*** Provided data Section Begins ***

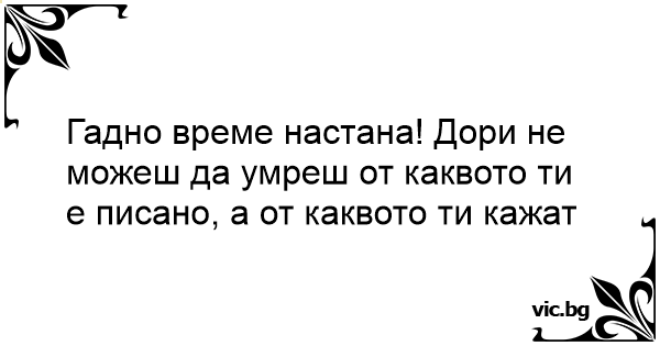 Гадно време настана! Дори не можеш да умреш от каквото ти е писано, а от каквото ти кажат
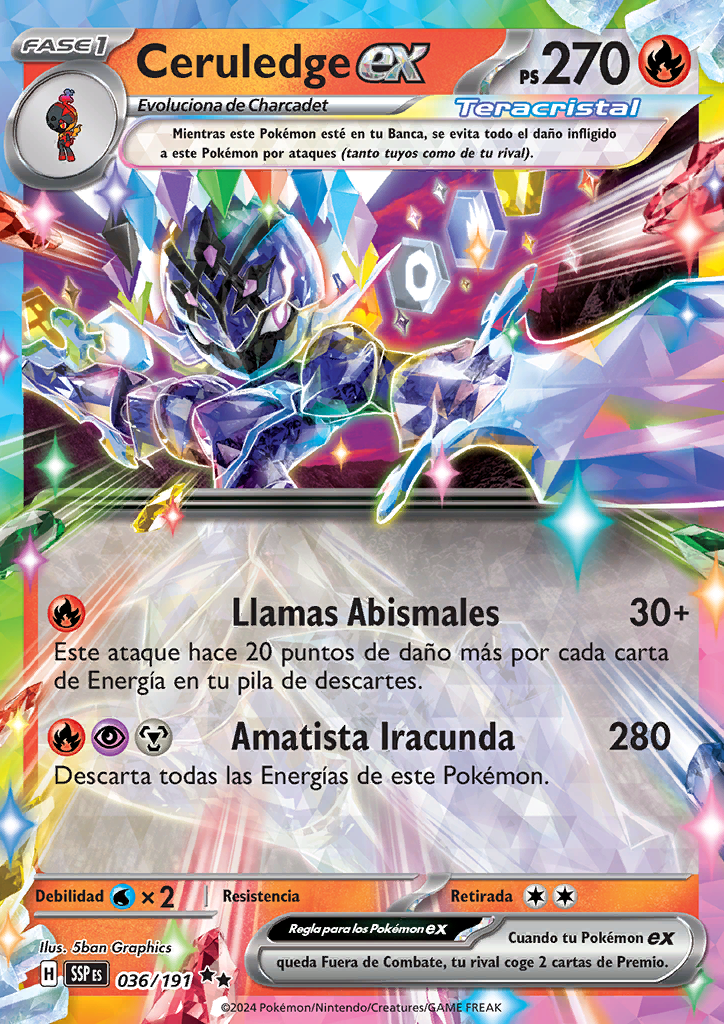 Cuando tu Pokémon ex queda Fuera de Combate, tu rival coge 2 cartas de Premio. |
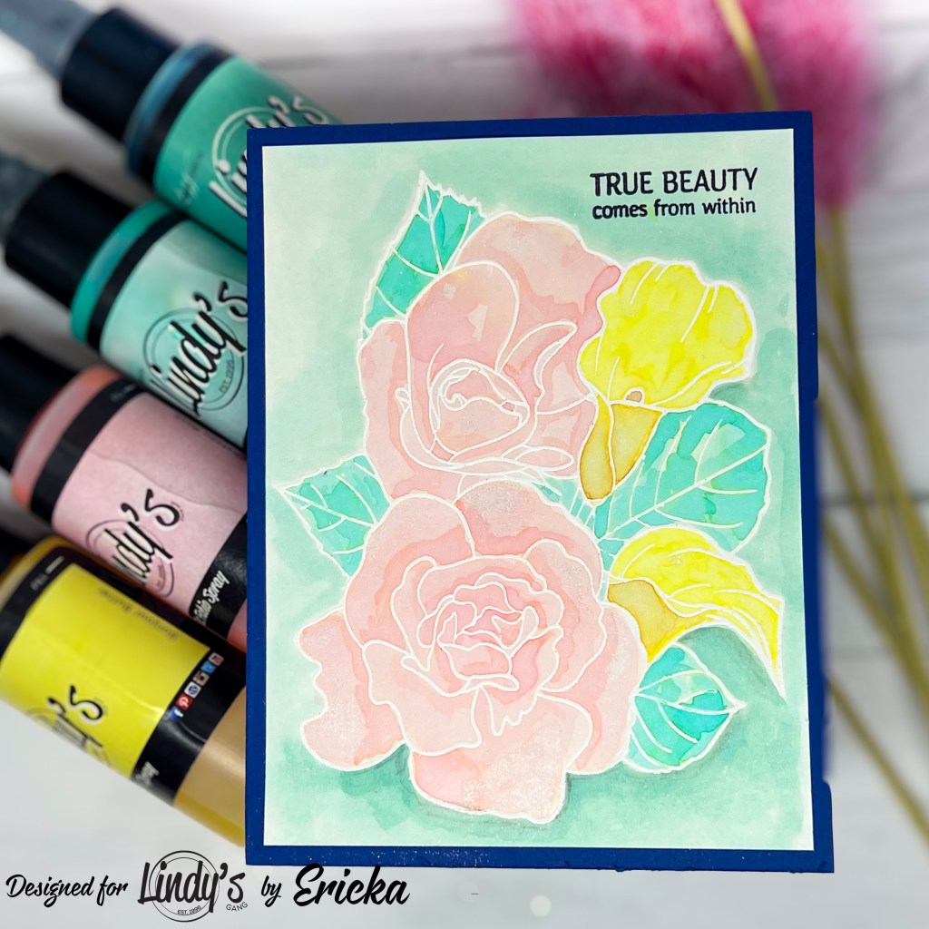 I love how versatile this spray and used it to paint up my flowers. I heat embossed the flowers with the Lindy’s Gang Wowzer White powder and started painting.
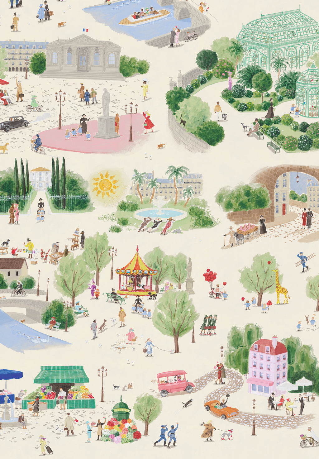 From one scene to the next, your eyes wander: through a sunlit garden, past a colorful flower market, by chatty antique dealers and cheerful dogs frolicking about. Further on, vintage cars drive by, a carousel turns to music, and café terraces come to life...

*** Provided data Section Ends ***

== Work instructions ==
Reproduce word for word the lines from the one containing "Cuando tu Pokémon" through the end of the data, both ends kept. Drop the pictures.

== Output for this task ==
 Cuando tu Pokémon ex queda Fuera de Combate, tu rival coge 2 cartas de Premio. |
 I love how versatile this spray and used it to paint up my flowers. I heat embossed the flowers with the Lindy’s Gang Wowzer White powder and started painting.
 From one scene to the next, your eyes wander: through a sunlit garden, past a colorful flower market, by chatty antique dealers and cheerful dogs frolicking about. Further on, vintage cars drive by, a carousel turns to music, and café terraces come to life...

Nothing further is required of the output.